Data collection was conducted in participants’ homes and other community locations from November 2018 to December 2019. Time from completion diagnostic resolution following to completion of the qualitative interview ranged from 5–45 months (Mean = 25.11, Standard Deviation = 11.36). Upon traveling to participants’ preferred location for in-person meetings, members of the Boston University-based research team reviewed consent information and obtained verbal consent prior to each interview. Research staff conducted semi-structured individual interviews (approximately 60 minutes) with one primary caregiver of each participating family. Qualitative interviews were recorded, transcribed verbatim, and checked for accuracy. Interviews conducted in Spanish were translated to English to allow for systematic coding by all members of the research team. Translations were checked by bilingual/bicultural research team members for translation accuracy. Participants were compensated $50. This study was approved by the Boston University Medical Campus Institutional Review Board.

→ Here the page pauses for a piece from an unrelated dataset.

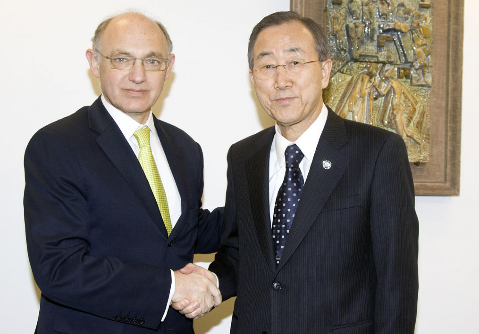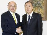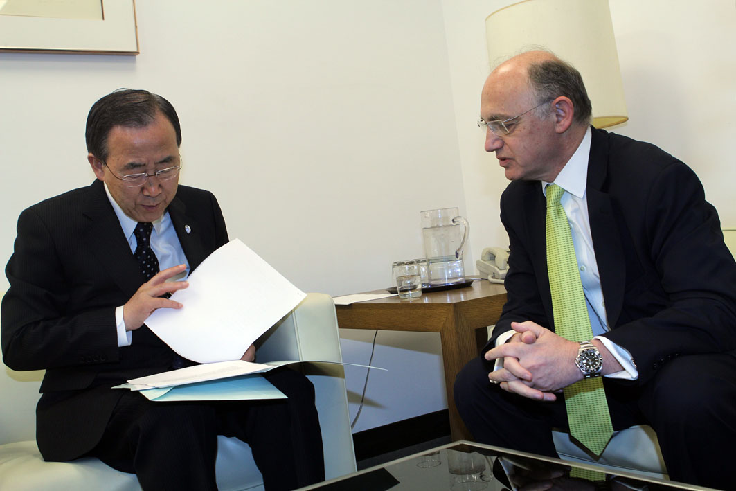 Naciones Unidas. Abril 6 de 2011. El Canciller Héctor Timerman fue recibido por el Secretario General de las Naciones Unidas, Ban Ki-moon. foto Prensa Cancilleria
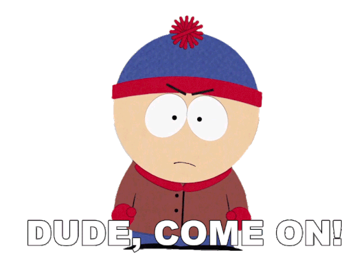 Stan Marsh from South Park expresses frustration with an annoyed face and the caption 'Dude, Come On!'

Qualitative Interview Description
Participants completed in-depth semi-structured individual interviews in English (N= 20) and Spanish (N= 6). Interviews included open-ended questions about experiences with developmental screening and related services, descriptions of family involvement and social support, and recommendations on how the autism screening and evaluation process can be improved. Example interview questions included: “Tell me about your experience discussing the screening results and recommendations with family members, friends, or other people” and “In what ways did the screening result and related services affect your relationships with your family members?”. Throughout data collection, the interview guide evolved to incorporate emerging findings.
Data Analysis
Interview transcripts were entered into NVivo 12 software25 and systematically coded by research team members (A.O.B., J.E., D.K. & N.D.C.) with close oversight by an advanced qualitative methodologist with expertise in culture, autism, and child development (K.L.). The initial coding structure was drafted based on the interview guide. The coding structure included detailed instructions on when to apply each code with exceptions and examples. To ensure inclusion of findings that emerged from interviews, a subset of transcripts (N=6) were coded collectively by all members of the coding team. Minor additional changes were made to the coding structure while coding additional transcripts to account for newly emerging findings. All transcripts were coded using the finalized coding structure. Twenty percent of transcripts were double coded, and inter-coder concordance was calculated at 86% by dividing the number of concordant codes by the total number of codes assigned to each interview transcript.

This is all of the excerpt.